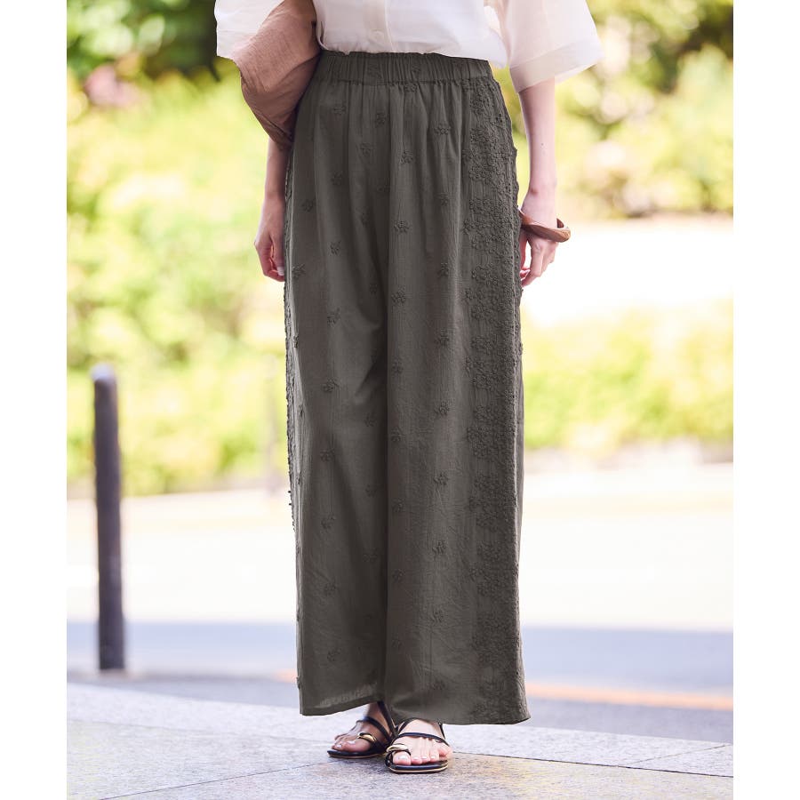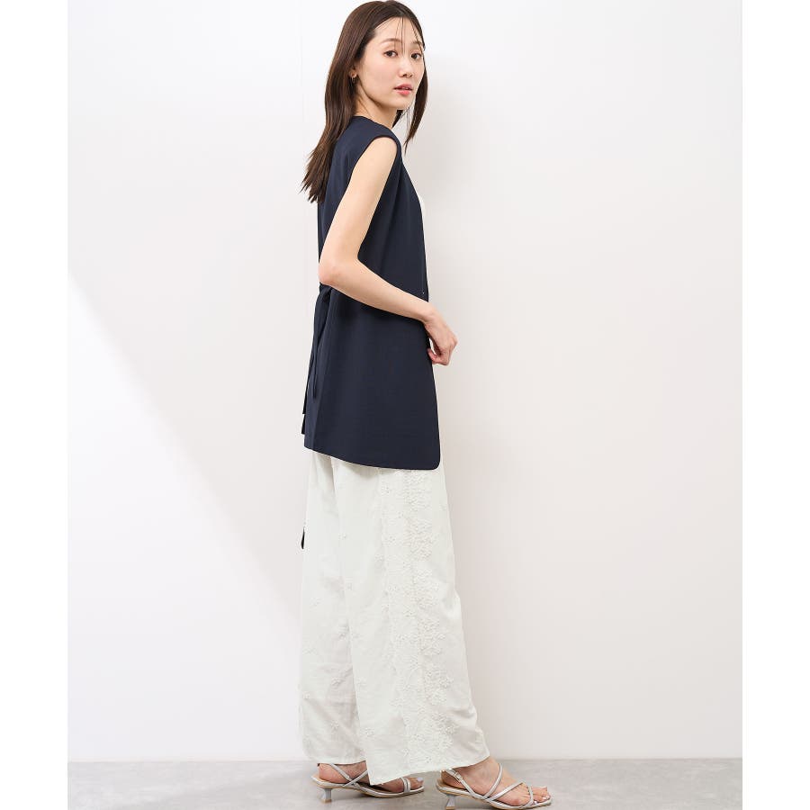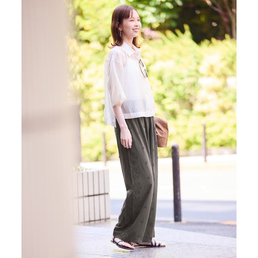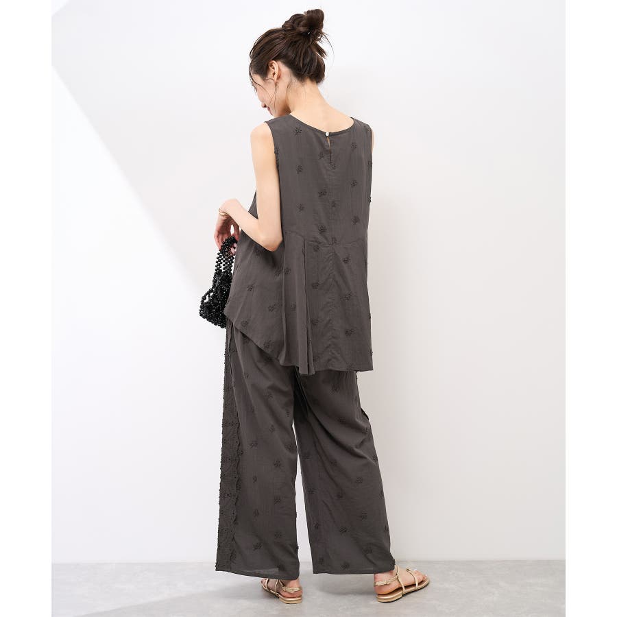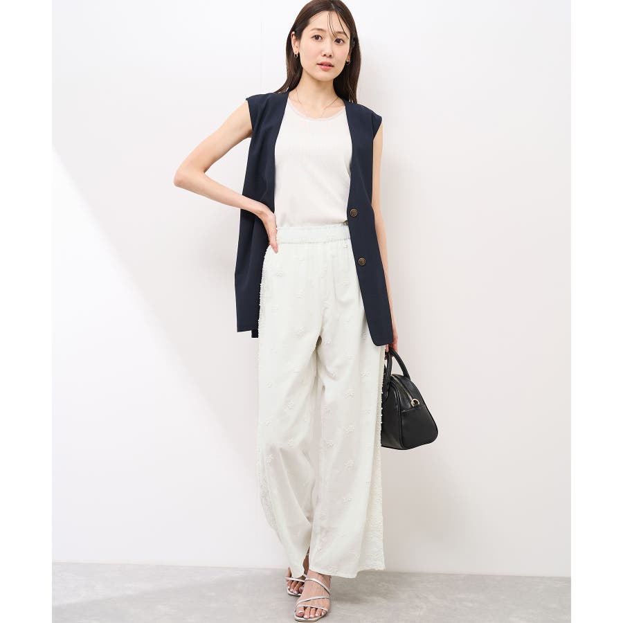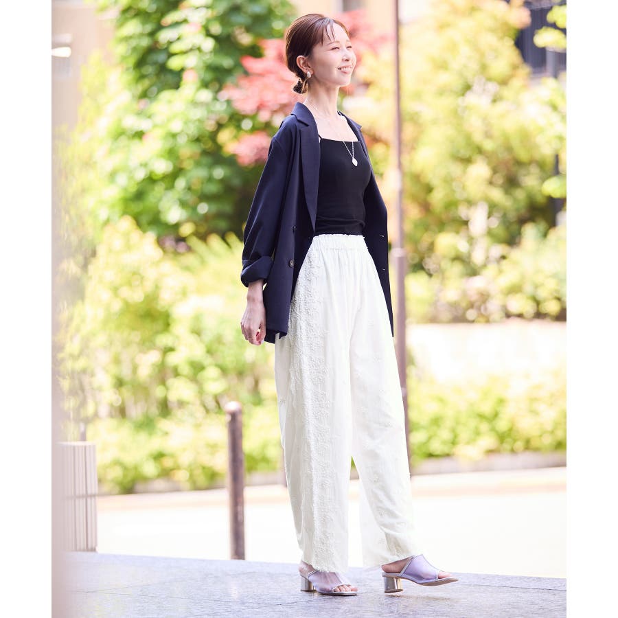 ・脇に入ったレースのスカラップ柄がポイントのワイドパンツ。
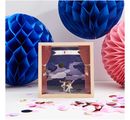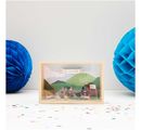 Oboustranně potištěné papíry s motivy pozadí a doplňky k vystřižení jsou určeny pro mnoho různých témat, událostí a příležitostí. Vytvářet lze nejen narozeninové a svatební scény, ale také pozadí pro divadlo a koncerty, grilování a zahradní slavnosti, různé sportovní akce, volnočasové aktivity, pláž a mnoho dalšího. Motiv pozadí se jednoduše vystřihne a vloží do krabičky na předměty nebo použije na přání. Různé předměty, které se hodí ke zvolené scéně, se také vystřihnou a některé se složí nebo nalepí. Vzniknou tak nádherné 3D efekty a působivé scény se spoustou zajímavostí.
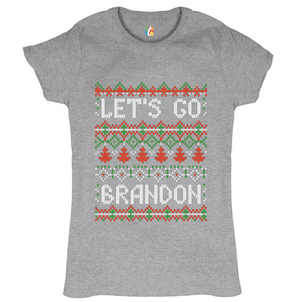 LET'S GO BRANDON t-shirt ugly sweater christmas funny anti biden women's tee gray
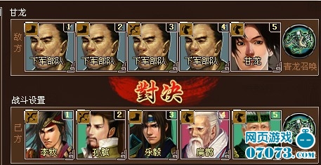 從上面可以看出,甘龍部隊(duì)偏于防守。兩騎兵自不用說(shuō),挫銳和妙手回春一個(gè)克制對(duì)手技能,一個(gè)增強(qiáng)己方持續(xù)作戰(zhàn)能力,加上騎兵的高防,自然是嚴(yán)密的防守。而步兵由于技能掩護(hù)的影響,也同樣偏于防守。加上破甲技能在前,弓兵橫掃在后,也就無(wú)形中增強(qiáng)了弓兵的打擊能力。所以在布陣之時(shí),我們要首先從分擔(dān)傷害同時(shí)防御力不如騎兵的步兵開(kāi)始。
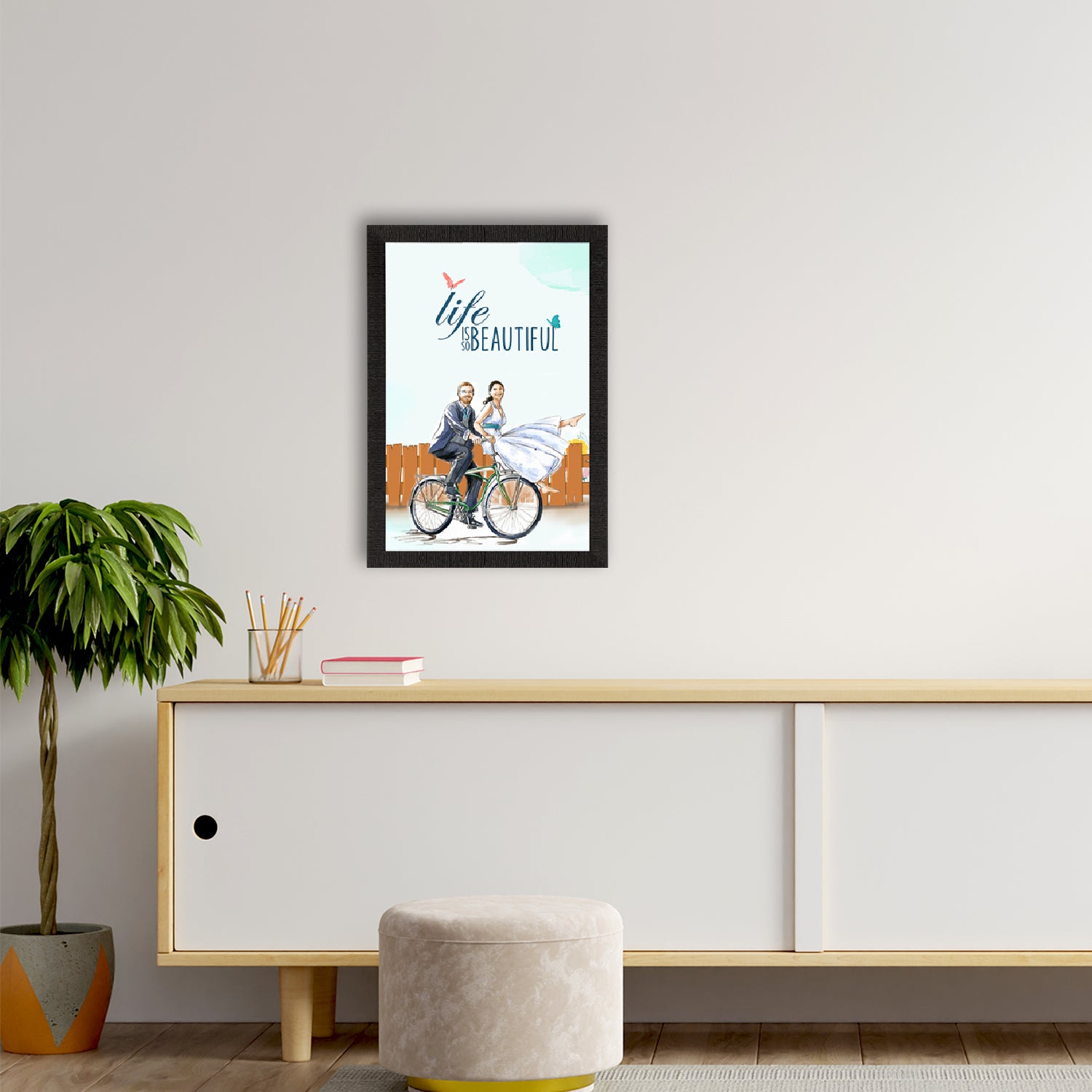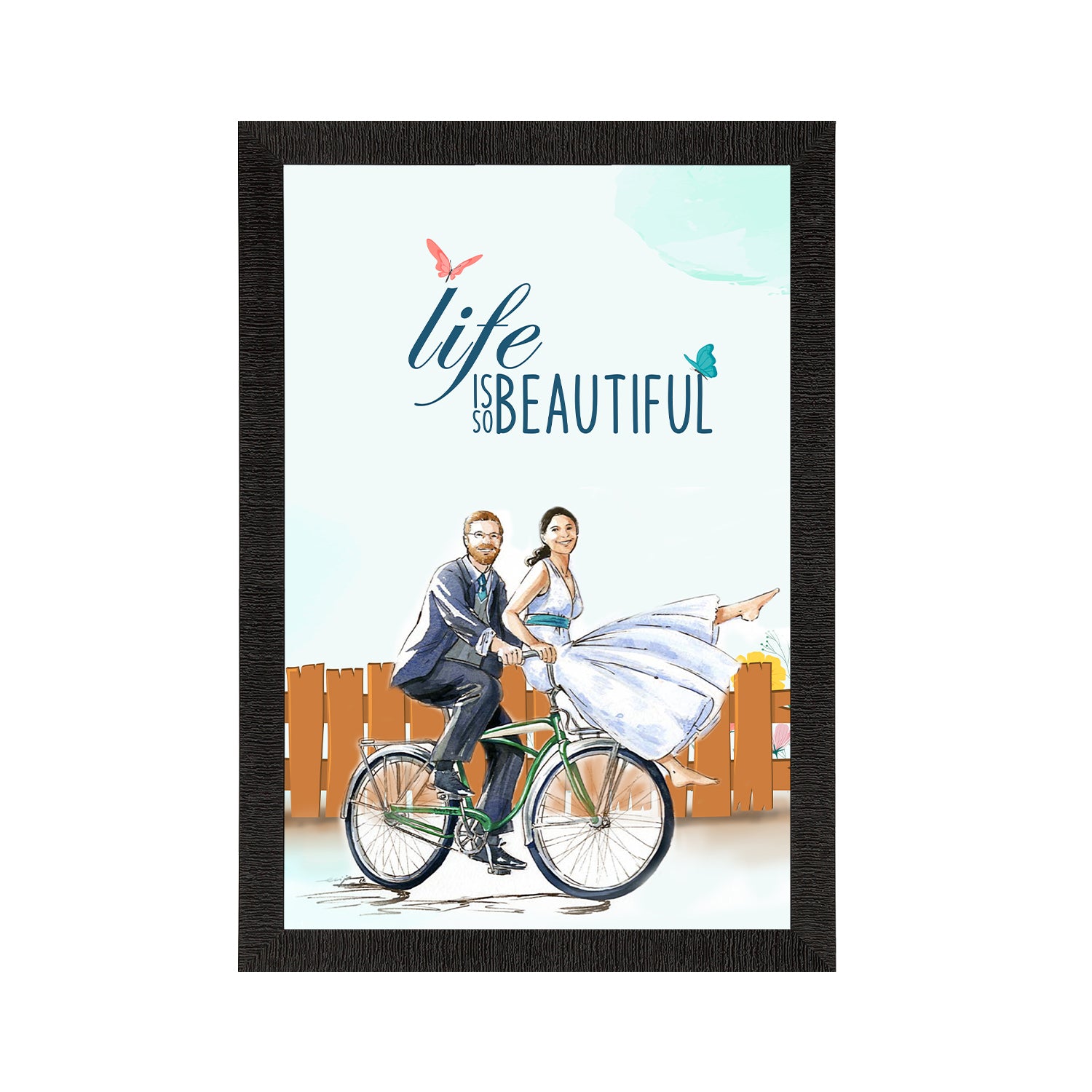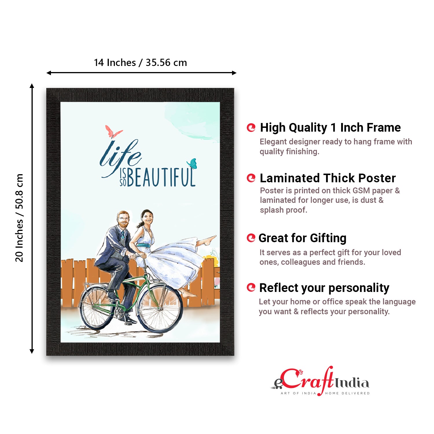 Product Description - Decorate your home & office walls with this artistic design eCraftIndia "Life is so Beautiful" Quirky Quote Satin Matt Texture UV Art Painting. Each design reflects the artistic qualities and time one has taken to design this painting. Exquisitely printed and framed, it is also a perfect gifting option for your colleagues, loved ones and family members. These frames don't include glass so it is very light weight and wet cloth can be used to clean it.

Exercise: Every record above must be printed exactly, except for its images.

Exercise output:
 ・脇に入ったレースのスカラップ柄がポイントのワイドパンツ。
 Oboustranně potištěné papíry s motivy pozadí a doplňky k vystřižení jsou určeny pro mnoho různých témat, událostí a příležitostí. Vytvářet lze nejen narozeninové a svatební scény, ale také pozadí pro divadlo a koncerty, grilování a zahradní slavnosti, různé sportovní akce, volnočasové aktivity, pláž a mnoho dalšího. Motiv pozadí se jednoduše vystřihne a vloží do krabičky na předměty nebo použije na přání. Různé předměty, které se hodí ke zvolené scéně, se také vystřihnou a některé se složí nebo nalepí. Vzniknou tak nádherné 3D efekty a působivé scény se spoustou zajímavostí.
 LET'S GO BRANDON t-shirt ugly sweater christmas funny anti biden women's tee gray
 從上面可以看出,甘龍部隊(duì)偏于防守。兩騎兵自不用說(shuō),挫銳和妙手回春一個(gè)克制對(duì)手技能,一個(gè)增強(qiáng)己方持續(xù)作戰(zhàn)能力,加上騎兵的高防,自然是嚴(yán)密的防守。而步兵由于技能掩護(hù)的影響,也同樣偏于防守。加上破甲技能在前,弓兵橫掃在后,也就無(wú)形中增強(qiáng)了弓兵的打擊能力。所以在布陣之時(shí),我們要首先從分擔(dān)傷害同時(shí)防御力不如騎兵的步兵開(kāi)始。
 Product Description - Decorate your home & office walls with this artistic design eCraftIndia "Life is so Beautiful" Quirky Quote Satin Matt Texture UV Art Painting. Each design reflects the artistic qualities and time one has taken to design this painting. Exquisitely printed and framed, it is also a perfect gifting option for your colleagues, loved ones and family members. These frames don't include glass so it is very light weight and wet cloth can be used to clean it.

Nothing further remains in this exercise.